By seanharris on Dec 11, 2006
One of the things that has bemused and frustrated me since I first started using the web in the early 90's was that your bookmarks were always stored in the client and there seemed to be no simple way to store them in the network. It is a problem that I have returned to periodically (every couple of years) since the early 90's. I have even tried at various times to implement solutions of my own such as storing bookmarks as an HTML file on a secure website of my own creation. These attempts were always doomed to failure since it required me to remember to make manual edits to an online file rather than simply click on a button in the browser.
With the rise in popularity of social bookmarking sites I decided to revisit the problem recently and here are the results of my investigations. I was not really interested at this point in time in the aspects of social bookmarking other than the fact that it appeared to be a route to store my bookmarks in a central repository that could be accessed from anywhere. What I really wanted was a simple, secure online store that could be accessed from anywhere and updated (automatically) from anywhere. The problem was that in a Sun office I use a SunRay to access the network, at home I use my laptop or my desktop and on the the road I use my laptop. This is further complicated by the fact that my laptop and desktop multi-boot into different operating systems depending on the work that I am doing.
It appears that for MAC users there is the .Mac service that seems do what I was looking for but I assumed that it was for MAC users only and did not investigate further. Google offers google bookmarks. This provides an on line repository and there are a number of firefox plugins that allow you to access them from the control bar of the browser. These include GMarks, Firefox Google Bookmarks, Google Bookmarks Button and Deng Google bookmarks amongst others. The two main shortfalls of this were a) that the online repository does not offer a file/folder like structure, just tags and although some of the tools available use the tags to generate the look and feel of a directory structure it is only one folder deep and b) the plugins generate a new control panel for the google bookmarks that is separate from the "standard" bookmarks.

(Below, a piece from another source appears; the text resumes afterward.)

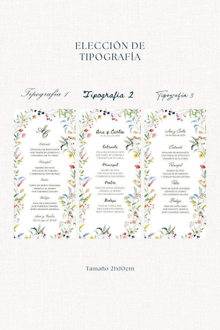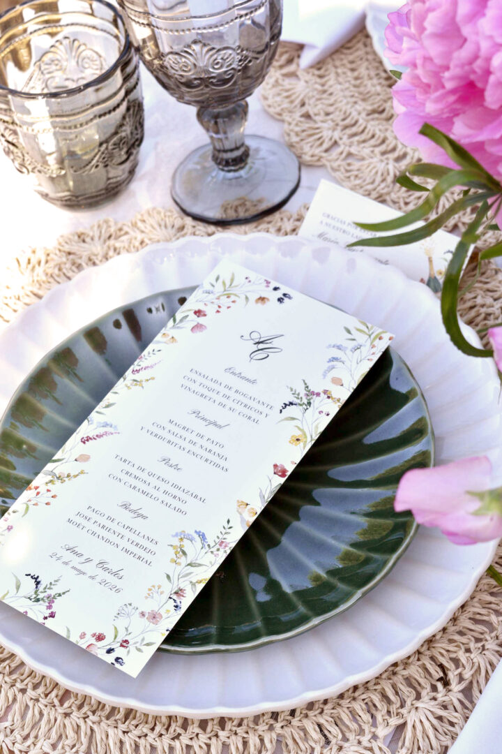La minuta Frida se posa sobre el plato como un pequeño jardín. Viste el sitio de cada invitado y añade color sin pesar. Combínala con vajilla blanca y verde botella, servilletas de algodón natural y centros con peonías, ramas de olivo y flores de temporada para darle un toque romántico con alma de jardín.

Then I discovered FoxMarks. The answer to all my prayers. The plugin integrates seamlessly with the browser using the standard bookmarks menus. It even allowed me to merge the bookmark folders from the three browser instances I already had offering me the option to merge or overwrite (local or remote). The only limitation that I have been able to discover to date is that there appears to be no plugin for browsers other than firefox but since I use only firefox this is not a limitation that affects me.